Supplied data:
====

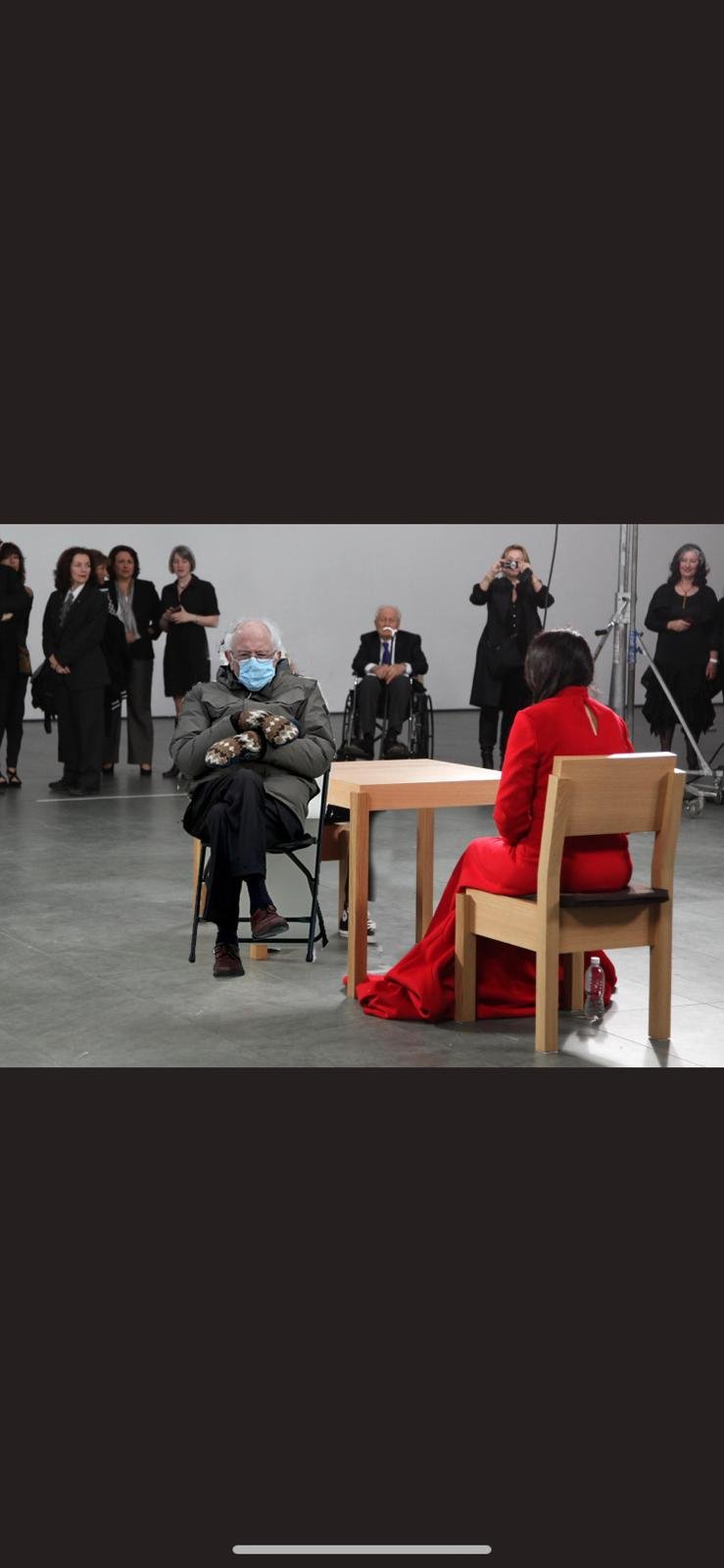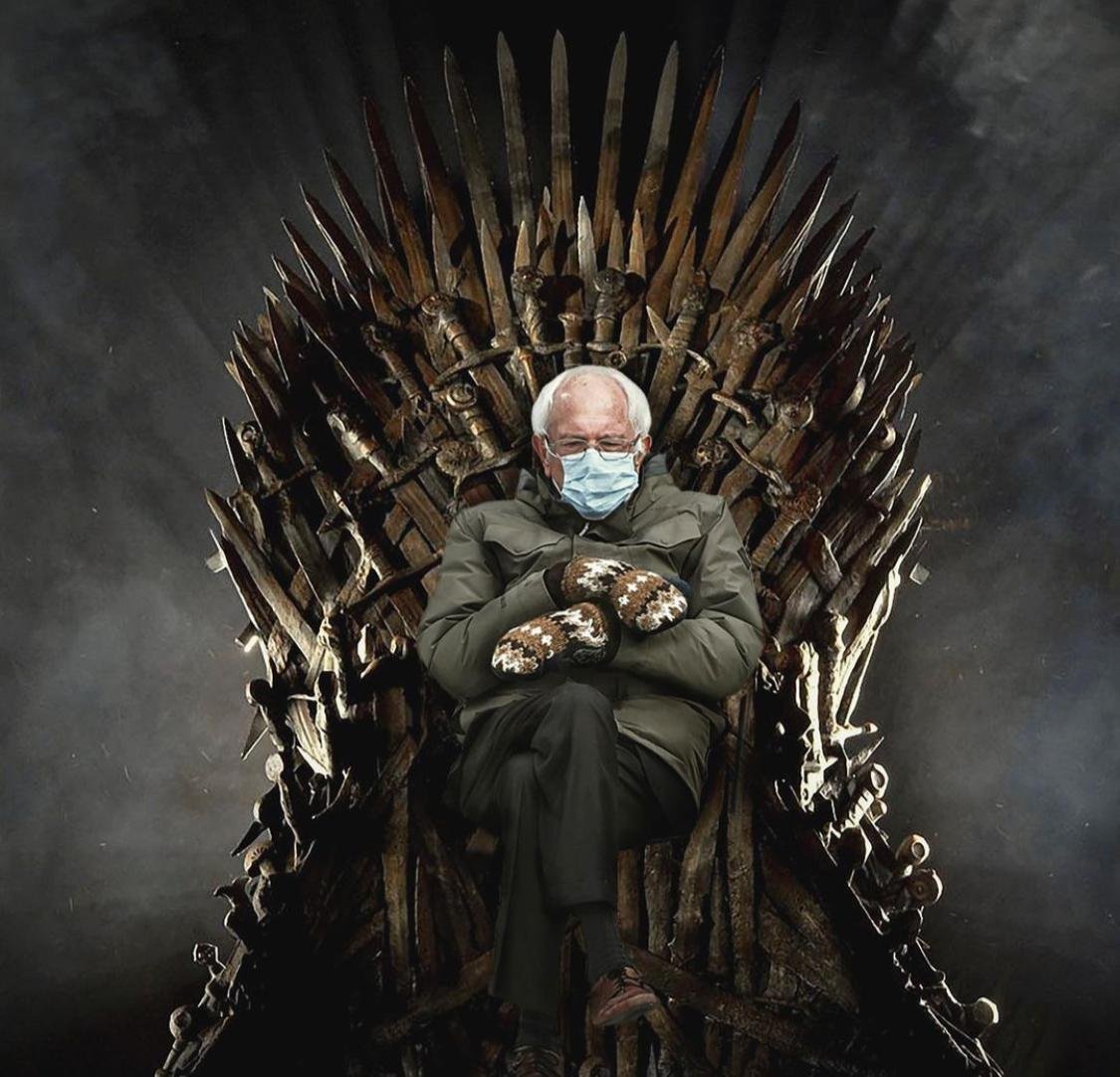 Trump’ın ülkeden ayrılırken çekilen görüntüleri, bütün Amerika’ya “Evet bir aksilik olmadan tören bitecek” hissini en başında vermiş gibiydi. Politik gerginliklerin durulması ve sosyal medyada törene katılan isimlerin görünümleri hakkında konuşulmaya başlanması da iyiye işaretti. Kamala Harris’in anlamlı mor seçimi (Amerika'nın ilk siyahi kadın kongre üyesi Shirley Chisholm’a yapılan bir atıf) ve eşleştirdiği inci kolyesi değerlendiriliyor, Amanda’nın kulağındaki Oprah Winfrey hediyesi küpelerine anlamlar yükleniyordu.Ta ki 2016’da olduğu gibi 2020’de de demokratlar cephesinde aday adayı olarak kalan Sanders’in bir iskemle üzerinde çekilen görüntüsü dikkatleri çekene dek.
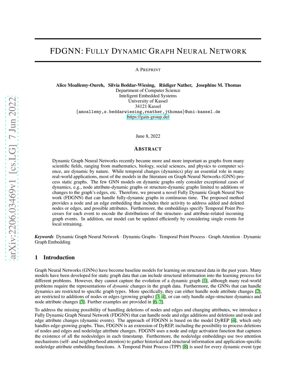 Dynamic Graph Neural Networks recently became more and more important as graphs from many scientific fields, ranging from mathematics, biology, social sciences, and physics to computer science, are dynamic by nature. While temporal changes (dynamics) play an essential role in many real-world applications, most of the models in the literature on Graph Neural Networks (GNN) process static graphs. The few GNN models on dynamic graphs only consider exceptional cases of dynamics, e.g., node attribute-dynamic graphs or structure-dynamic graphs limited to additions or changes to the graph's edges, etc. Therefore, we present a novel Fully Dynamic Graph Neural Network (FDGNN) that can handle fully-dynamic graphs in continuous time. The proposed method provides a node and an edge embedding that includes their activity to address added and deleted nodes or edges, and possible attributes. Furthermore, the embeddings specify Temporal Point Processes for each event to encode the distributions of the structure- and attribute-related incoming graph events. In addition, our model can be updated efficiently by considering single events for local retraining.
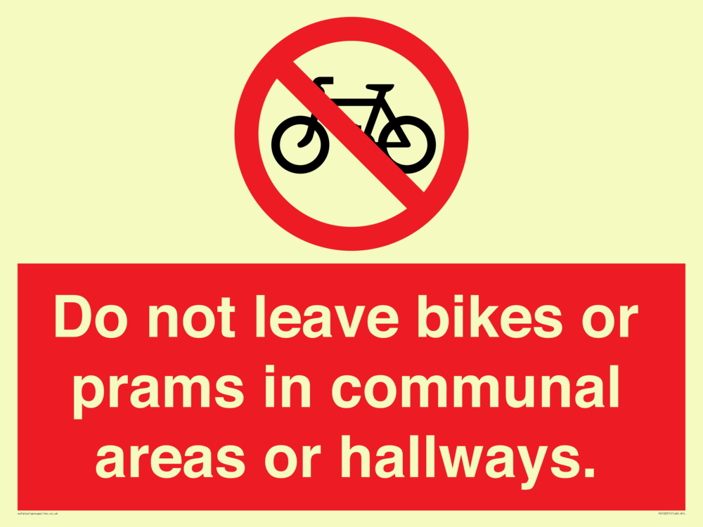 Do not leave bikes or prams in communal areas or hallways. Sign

====

What the task requires:
With the pictures left out, give again exactly the lines from the one with "Dynamic Graph Neural Networks" through the end of the data, both included.

Answer space:
 Dynamic Graph Neural Networks recently became more and more important as graphs from many scientific fields, ranging from mathematics, biology, social sciences, and physics to computer science, are dynamic by nature. While temporal changes (dynamics) play an essential role in many real-world applications, most of the models in the literature on Graph Neural Networks (GNN) process static graphs. The few GNN models on dynamic graphs only consider exceptional cases of dynamics, e.g., node attribute-dynamic graphs or structure-dynamic graphs limited to additions or changes to the graph's edges, etc. Therefore, we present a novel Fully Dynamic Graph Neural Network (FDGNN) that can handle fully-dynamic graphs in continuous time. The proposed method provides a node and an edge embedding that includes their activity to address added and deleted nodes or edges, and possible attributes. Furthermore, the embeddings specify Temporal Point Processes for each event to encode the distributions of the structure- and attribute-related incoming graph events. In addition, our model can be updated efficiently by considering single events for local retraining.
 Do not leave bikes or prams in communal areas or hallways. Sign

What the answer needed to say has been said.